Thursday, December 02, 2004

Paging Dr. Krugman

DeLong says:

The real side counterpart of "financial adjustment" is that eight million American workers have to move from working in construction and consumer services to working in import-competing and export manufactures and services. If this takes place over five years, few will notice--and those who notice will be pleased as they will be pulled out of their current jobs into ones that are likely to be high paying in industries that are already rapidly expanding. If this takes place over one year, it becomes a big problem: you can fire eight million people in construction and consumer services in an instant, but creating and expanding the organizations to employ eight million more people in a particular slice of industries takes a long time.

I'm a wee bit rusty on my international econ, but DeLong hits on one of the things I've been mulling over lately. The basic idea is that the dollar drop is both necessary/inevitable in that it will put our long out of whack current account back into balance, and at least partially "good" in that it increases demand for exports. But there's a bit of a potential problem with that last bit.

Our manufacturing sector has been in relative decline for a long time. A big chunk of our economy now involves the production of non-tradeable (aside from tourism) goods. It isn't a matter of reopening some recently shuttered factories or boosting capacity. Sure, a declining dollar might sell a few more cars on the margin, but a big boost in exports would require not simply an uptick in employment in existing sectors, but the expansion of the economy into mostly non-existent ones. We economists all love our instantaneous adjustment models, but that isn't how the real world works.

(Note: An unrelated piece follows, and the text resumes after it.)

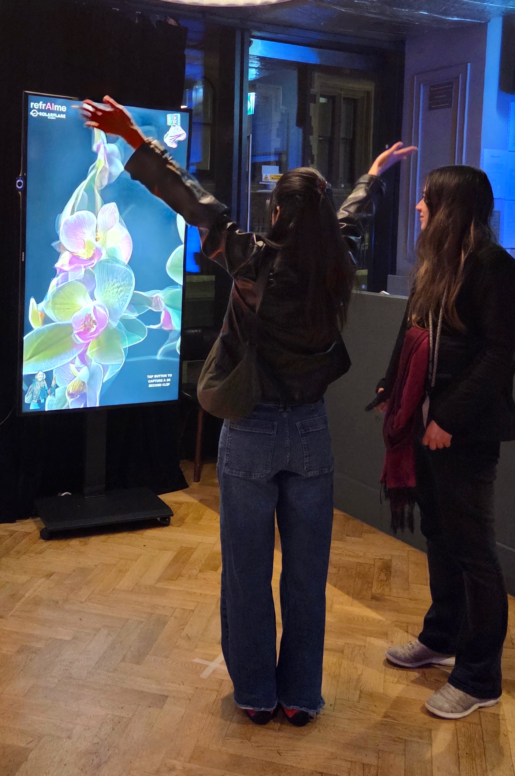 Using refrAIme, our proprietary AI mirror platform, the installation transformed visitors’ live reflections through generative design. Real-time vision algorithms and AI models reinterpreted each person’s image, shifting between visual styles that ranged from abstract colour fields to hyperreal portraiture.

Another thing to ponder is how all of this is affected by the vertical disintegration of the production chain which has really been the primary consequence of "modern globalization." Intermediate inputs are purchased from abroad, even when final production stages take place here. A falling dollar therefore equals not just higher prices on imported consumption goods, but increasing intermediate input costs for many industries.

This post is meandering, but there are a lot of reasons to be concerned about the consequences of a falling dollar. If the structural changes in the economy are very slow, then one can imagine a downward spiral taking place.